Intervention de Jean-Claude Etienne

Commission de la culture, de l'éducation et de la communication — Réunion du 10 février 2010 : 1ère réunion
Loi de finances rectificative pour 2010 — Examen du rapport pour avis

Photo de Jean-Claude EtienneJean-Claude Etienne, rapporteur pour avis :

a souligné les enjeux du « grand emprunt » : l'objectif est de consacrer 3 % du produit intérieur brut à la recherche et au développement en application de la stratégie de Lisbonne, de développer l'économie de la connaissance et de mieux valoriser les brevets, car la France manque de brevets exploitables.

Il a rendu hommage aux co-présidents de la commission chargée de définir les priorités stratégiques d'investissement, MM. Alain Juppé et Michel Rocard, ce dernier ayant été auditionné le mardi 9 février 2010 par l'Office parlementaire d'évaluation des choix scientifiques et technologiques (OPECST). Il a souligné le consensus sur le choix de consacrer l'emprunt national à des investissements d'avenir, en jouant sur deux registres référents se nourrissant l'un l'autre : le soutien aux unités productrices du savoir et le soutien aux unités productrices d'un tissu économique nouveau.

Il a indiqué que le projet de loi de finances rectificative (PLFR) pour 2010 donnait l'occasion d'amplifier les réformes tendant à sortir d'un système d'enseignement supérieur et de recherche trop cloisonné. Après avoir souligné la qualité des équipes de recherche universitaires, auxquelles les grandes écoles ont d'ailleurs le plus souvent recours, il a insisté sur la nécessité de préférer la mutualisation des moyens aux rivalités entre établissements.

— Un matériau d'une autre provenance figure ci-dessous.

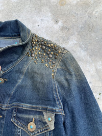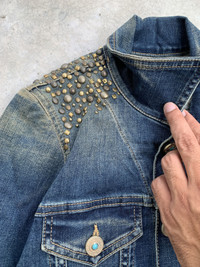 Good day! PLEASE LEAVE YOUR CONTACT NUMBER AFTER PURCHASE FOR DELIVERY PROCESS Brand : Turqoise Beaded Shoulder Denim Jacket Italy Made Size on tag : M [ CONDITION ] Good used condition [ MEASUREMENTS ] Pit to pit : 17.5 inches Length shoulder to hem : 22.5 inches Shoulder to shoulder : 13 inches Sleeve from shoulder : 25 inches Sleeve from neck : 29.5 inches (Pls kindly check the measurements carefully as it is the actual fit) [ PAYMENT ] Accept PAYPAL only (All items will be shipped within 1-3 working days after payment completed ) [ SHIPPING ] Standard shipping : 14 - 21 working days Express shipping : 3 - 7 working days [ NOTICE ] ▪️All items will be shipped along with the tracking number after postage ▪️Pls kindly leave your contact number, as the shipping company always need the contact number help delivering ▪️All items will be mark purchase as (GIFT) or make value the lowest avoid import tax or fees [ REFUNDS ] No returns, exchanges or refunds Message for any questions Thank you Code : 11

Cela suppose aussi que des lieux de vie soient mis en commun, ce qui aide à la mutualisation des laboratoires eux-mêmes, et que des responsables de recherche se voient confier la responsabilité de thématiques multi-sites. La dynamique de la contractualisation, avec financements à la clé, doit encourager cette synergie.

Il s'est réjoui que la commission de la culture, de l'éducation et de la communication se soit saisie pour avis du PLFR, compte tenu de la nécessité de procéder « au déchiffrage du chiffrage » du texte, dans un esprit non exclusivement budgétaire.

Après avoir fait état de son expérience concrète de scientifique, il a jugé que l'emprunt national devrait aider la France à se placer dans la compétition internationale de la connaissance et donc de l'économie. Il a indiqué que le texte tendait aussi à soutenir les entreprises innovantes afin de réindustrialiser notre pays. En outre, une partie importante des crédits sont destinés aux recherches en matière de développement durable, dont l'analyse relève de la commission de l'économie, saisie pour avis.

Après avoir rappelé que, dans le budget 2010, les crédits de la mission interministérielle pour la recherche et l'enseignement supérieur (MIRES) s'établissent à environ 25 milliards d'euros, il a indiqué que le PLFR pour 2010 propose de consacrer 19 milliards à l'enseignement supérieur, la formation et la recherche, et d'imputer 22 milliards d'euros sur la MIRES, si l'on tient compte de la recherche appliquée et sectorielle.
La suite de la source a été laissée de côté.